The role of hepatic type cell polarity during Plasmodium liver stage infection

Malaria remains a major cause of morbidity and mortality in tropical countries, affecting more than 200 million people and causing nearly 1 million deaths every year. Various attempts at eradicating this disease have so far been unsuccessful, and the ever-increasing parasite resistance to older antimalarial drugs provides further cause for concern. This has led to a consensus amongst malaria researchers on the need for detailed understanding of the basic biology of the causative agent of malaria, parasites of the genus Plasmodium, to develop new strategies for malaria prophylaxis, treatment, and hopefully, eradication. The overall goal of this proposal is to work towards elucidation of the host's contribution to Plasmodium parasite growth and development during the liver stages, about which so little is known.

The liver stage constitutes the first obligate step of Plasmodium in the mammalian host, and as the infection is asymptomatic at this stage, an ideal point for antimalarial intervention. After a mosquito deposits sporozoites in the dermis, a significant proportion of these sporozoites enter the blood circulation and rapidly arrest in the liver. A sporozoite then migrates through several cells in the liver, before invading a hepatocyte, which it enters through formation of a parasitophorous vacuole consisting of hepatocyte plasma membrane. Inside this structure, the sporozoite will de-differentiate into an immobile form and commence a period of remarkable growth and division, with potentially thousands of new parasites, termed merozoites at this stage, formed within a single exo-erythrocytic form over a period as short as two days. These merozoites will eventually be released into the bloodstream where they will invade red blood cells, initiating the symptomatic phase of malaria.

While some events of liver stage development can occur in vitro in several cell types, or even outside cells, in vivo, inside the vertebrate host, the only cell type that can support complete growth and development of the EEF into infectious merozoites is the hepatocyte. Thus it appears that the hepatocyte provides a unique niche that allows Plasmodium parasites to grow and replicate. Elucidation of the components of the hepatocyte niche should provide much important insight into the processes that are crucial for Plasmodium EEF growth and development.

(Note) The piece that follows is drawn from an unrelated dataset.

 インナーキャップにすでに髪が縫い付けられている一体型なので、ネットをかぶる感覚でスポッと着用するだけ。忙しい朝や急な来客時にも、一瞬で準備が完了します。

Hepatocytes are highly polarised epithelial cells that constitute the liver mesenchyme, acting as blood detoxification centres and playing a critical role for many metabolic events in the body. While epithelial cells are considered to be highly polarised in general, hepatocytes differ substantially from the commonly studied model of simple (or columnar) epithelial polarity, exemplified by Madine-Darby canine kidney (MDCK) cells. Simple epithial polarity is characterised by the presence of basolateral and apical plasma membrane domains, kept separate by the presence of junctional complexes. As its name suggests, the single, continuous apical domain is found at the apex of the cell. Within an organ such as the intestine, the apical domains of many epithelial cells are organised to generate a single, large tube.

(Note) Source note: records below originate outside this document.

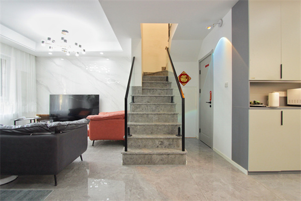 現代風格的復式雅居,包藏著生活的點點滴滴,采用灰色為主體色調,線條感較強。低調的色彩讓室內成熟而穩重。當我們卸下一身疲憊之時,享得半畝嫻靜,快樂便會立刻迸發。不管時代如何更迭,潮流怎樣變換,家的精神內核從不曾改變,它是我們身體與心靈的居所,而每一種細膩的官感就是當下生活最真切的寫照。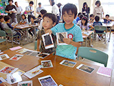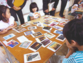 次に、「アートカード」を使ったゲーム「仲間みつけをしよう」をした。グループごとにカードを1セット(40枚)ずつ配布し、共通点を見つけて順番に発表させた。ここでは、一人ひとり見方や感じ方がちがっても良いことや、違ったとらえ方や感じ方も大切なことに気付かせ、見ることの楽しさを味わえるようにした(授業風景2)。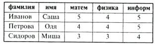 . Пусть имеются трое студентов: Иванов, Петрова и Сидоров со следующими оценками по физике, математике и информатике: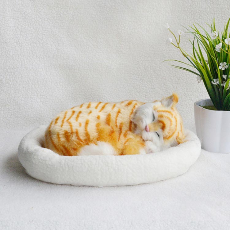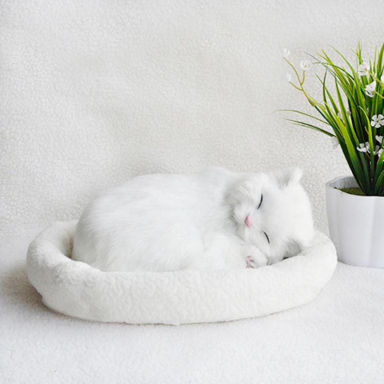 呼吸して眠るリアルな猫のぬいぐるみ ねこ ぬいぐるみ リアル 本物 そっくり ペット すやすや眠る お腹が上下する 動く ペットロス ベッド付き アレルギー 動物 アニマル 子供 癒し

In contrast, in hepatocytes the 'apical' region is found laterally, and a single hepatocyte will have more than one such apical membranearea. Neighbouring hepatocytes will polarise such that their apical membrane areas are in direct contact with each other, and this organisation allows the formation of the bile canaliculi, an interconnected network of small tubes designed to move bile through the liver. The type of polarity an epithelial cell adopts has further consequences for arrangement of the cytoskeleton, and the routes taken by proteins as they move to and from the plasma membrane of the cell.